About this task: An image-free, exact copy of the records below is required.

--- Available data ---

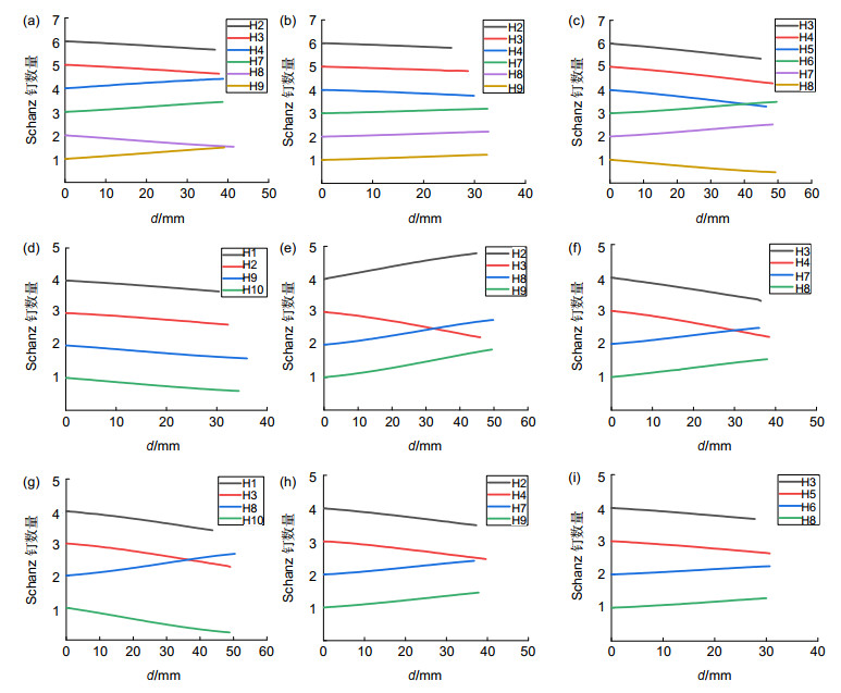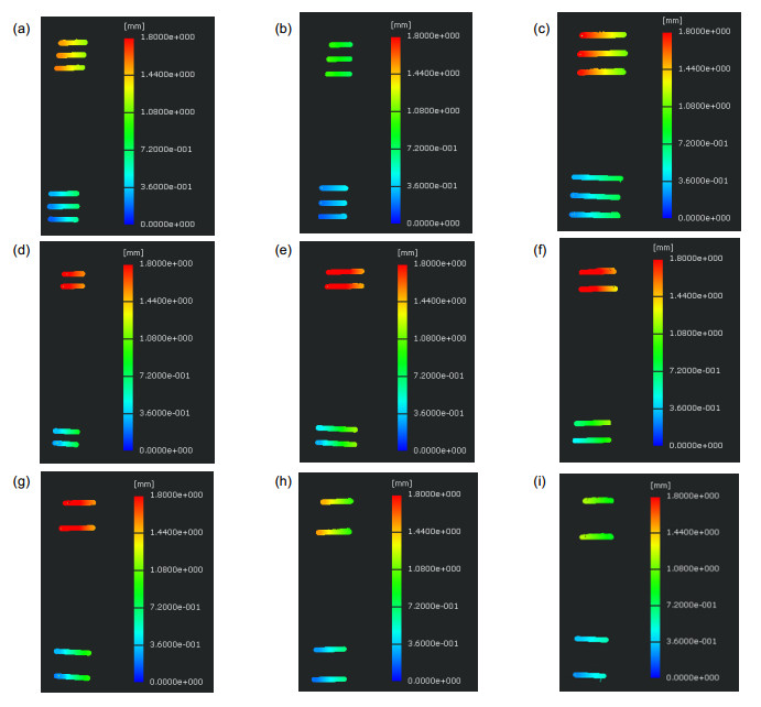 在正交试验不同因素水平的组合下,利用三维全场变形测量系统得到Schanz钉的三维点坐标,通过创建截线的方式可输出Schanz钉上某一条线的三维信息。Schanz钉变形量与胫骨到外固定距离d的关系如图 5所示,图 5(a)~5(i)分别对应试验1~9。总体上来说,外固定器上下两端Schanz钉的变形量相差较小。当Schanz钉数量相同时胫骨到外固定器的距离越小,Schanz钉的变形量越小;当胫骨到外固定器的距离一定时,随着Schanz钉数量减少,外固定器上每根Schanz钉的变形量增大。不同的方案Schanz钉向上或向下变形的趋势不同。
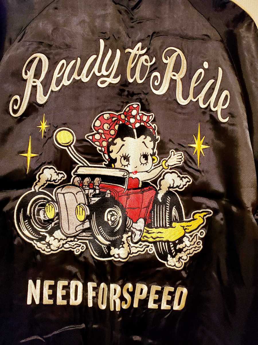 ベティーちゃんがクラシカルなホットロッドで駆け抜けるシーンを刺繍した、スカルワークスとベティー・ブープのコラボスカジャン!
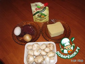 Ингредиенты для «Печеночные рулетики с шампиньонами»:
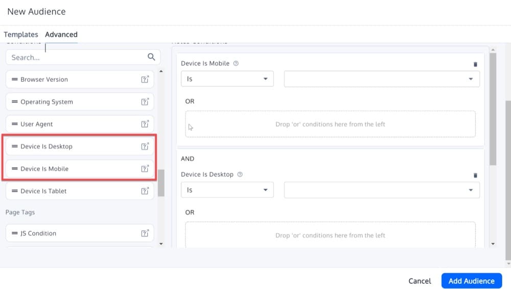 Para evitar la superposición de resultados y otros problemas de entrega de experiencia, debe ejecutar las pruebas anteriores en diferentes audiencias (por ejemplo, solo para dispositivos móviles o solo para computadoras de escritorio).
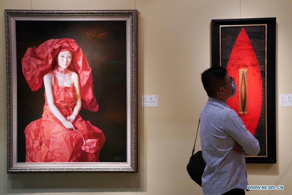 A visitor views an item of the China Guardian Hong Kong 2021 Spring Auctions at Hong Kong Convention and Exhibition Center in Hong Kong, south China, April 18, 2021. About 1,300 items are on offer at the China Guardian Hong Kong 2021 Spring Auctions which is open from April 18 to 23. (Xinhua/Li Gang) |
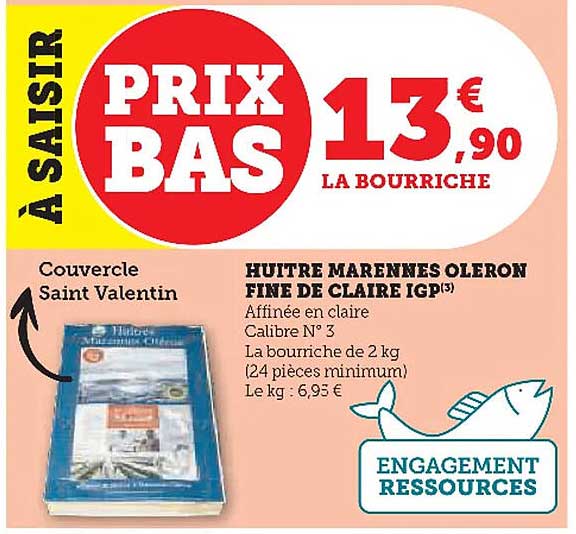 Découvrez l'offre de Huitre Marennes Oleron Fine De Claire Igp chez Super U! Cette offre fantastique est maintenant disponible dans le nouveau catalogue de Super U. Profitez de cette occasion et économisez considérablement sur votre achat.
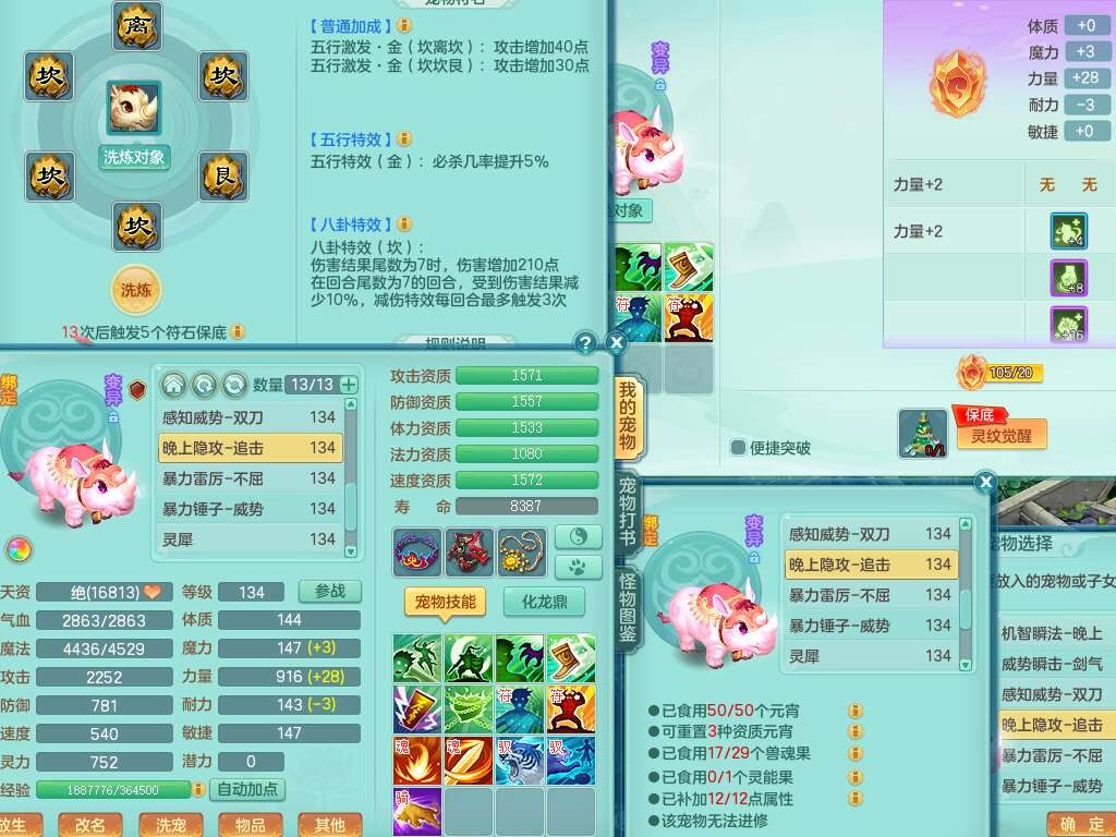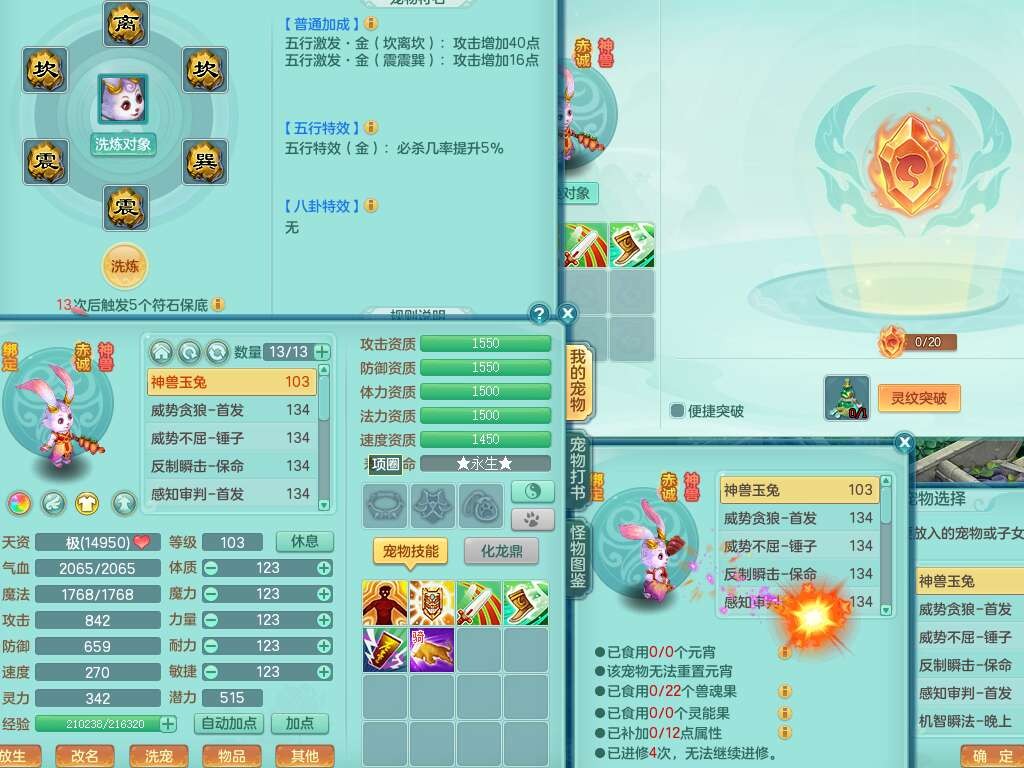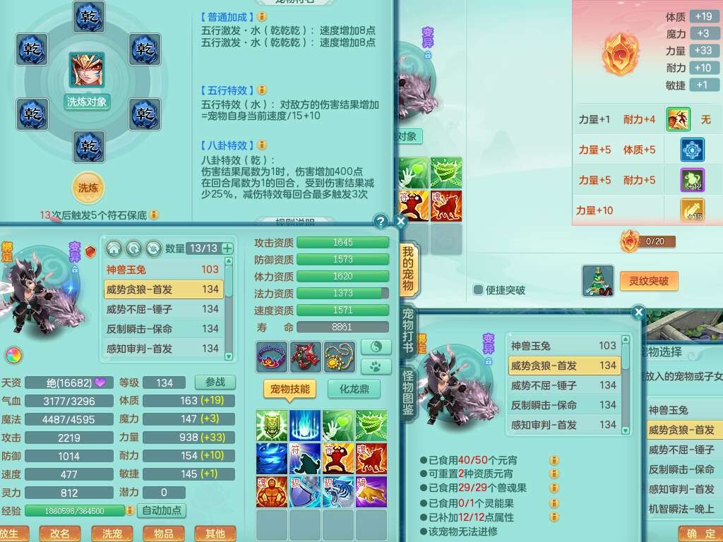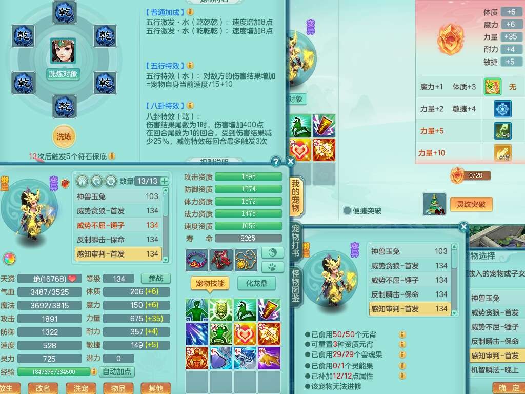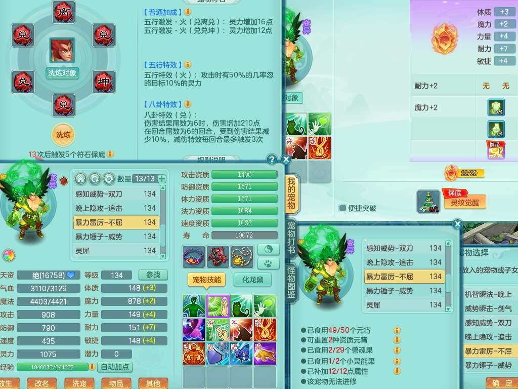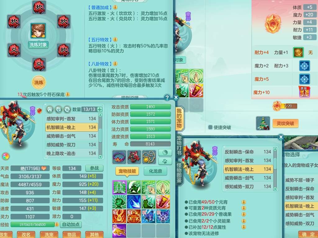 J22454天下无双129女万兽,精灵歌,1内胆神,8觉醒,1只九技能炼妖,三红精准易成长破力式单加42头,729易成长武器,崩山衣服,神佑破血单加链子,易成长单加43腰带,迅捷单加45鞋子,3.5基础鼎,4个纯六字,9只满果子,双人坐骑,带151w神武币。

---

Exercise output:
 在正交试验不同因素水平的组合下,利用三维全场变形测量系统得到Schanz钉的三维点坐标,通过创建截线的方式可输出Schanz钉上某一条线的三维信息。Schanz钉变形量与胫骨到外固定距离d的关系如图 5所示,图 5(a)~5(i)分别对应试验1~9。总体上来说,外固定器上下两端Schanz钉的变形量相差较小。当Schanz钉数量相同时胫骨到外固定器的距离越小,Schanz钉的变形量越小;当胫骨到外固定器的距离一定时,随着Schanz钉数量减少,外固定器上每根Schanz钉的变形量增大。不同的方案Schanz钉向上或向下变形的趋势不同。
 ベティーちゃんがクラシカルなホットロッドで駆け抜けるシーンを刺繍した、スカルワークスとベティー・ブープのコラボスカジャン!
 Ингредиенты для «Печеночные рулетики с шампиньонами»:
 Para evitar la superposición de resultados y otros problemas de entrega de experiencia, debe ejecutar las pruebas anteriores en diferentes audiencias (por ejemplo, solo para dispositivos móviles o solo para computadoras de escritorio).
 A visitor views an item of the China Guardian Hong Kong 2021 Spring Auctions at Hong Kong Convention and Exhibition Center in Hong Kong, south China, April 18, 2021. About 1,300 items are on offer at the China Guardian Hong Kong 2021 Spring Auctions which is open from April 18 to 23. (Xinhua/Li Gang) |
 Découvrez l'offre de Huitre Marennes Oleron Fine De Claire Igp chez Super U! Cette offre fantastique est maintenant disponible dans le nouveau catalogue de Super U. Profitez de cette occasion et économisez considérablement sur votre achat.
 J22454天下无双129女万兽,精灵歌,1内胆神,8觉醒,1只九技能炼妖,三红精准易成长破力式单加42头,729易成长武器,崩山衣服,神佑破血单加链子,易成长单加43腰带,迅捷单加45鞋子,3.5基础鼎,4个纯六字,9只满果子,双人坐骑,带151w神武币。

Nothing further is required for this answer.